◆ **INFORMATION**:
- - - - - - -
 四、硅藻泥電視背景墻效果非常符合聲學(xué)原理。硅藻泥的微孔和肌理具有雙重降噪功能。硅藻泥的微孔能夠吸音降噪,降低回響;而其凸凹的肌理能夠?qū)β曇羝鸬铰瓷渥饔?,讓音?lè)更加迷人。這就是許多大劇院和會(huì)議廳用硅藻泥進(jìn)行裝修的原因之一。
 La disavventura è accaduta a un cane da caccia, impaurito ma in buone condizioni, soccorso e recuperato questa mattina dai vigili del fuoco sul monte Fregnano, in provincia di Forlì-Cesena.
- - - - - - -
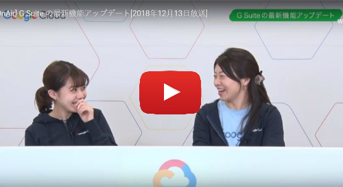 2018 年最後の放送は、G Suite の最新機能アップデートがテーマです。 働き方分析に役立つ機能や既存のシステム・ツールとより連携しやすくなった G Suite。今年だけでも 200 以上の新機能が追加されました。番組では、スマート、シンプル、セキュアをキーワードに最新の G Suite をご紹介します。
- - - - - - -
Start with the line above that contains "四、硅藻泥電視背景墻效果非常" and end with the line that contains "La disavventura è". Write out those lines exactly, and only those.

 四、硅藻泥電視背景墻效果非常符合聲學(xué)原理。硅藻泥的微孔和肌理具有雙重降噪功能。硅藻泥的微孔能夠吸音降噪,降低回響;而其凸凹的肌理能夠?qū)β曇羝鸬铰瓷渥饔?,讓音?lè)更加迷人。這就是許多大劇院和會(huì)議廳用硅藻泥進(jìn)行裝修的原因之一。
 La disavventura è accaduta a un cane da caccia, impaurito ma in buone condizioni, soccorso e recuperato questa mattina dai vigili del fuoco sul monte Fregnano, in provincia di Forlì-Cesena.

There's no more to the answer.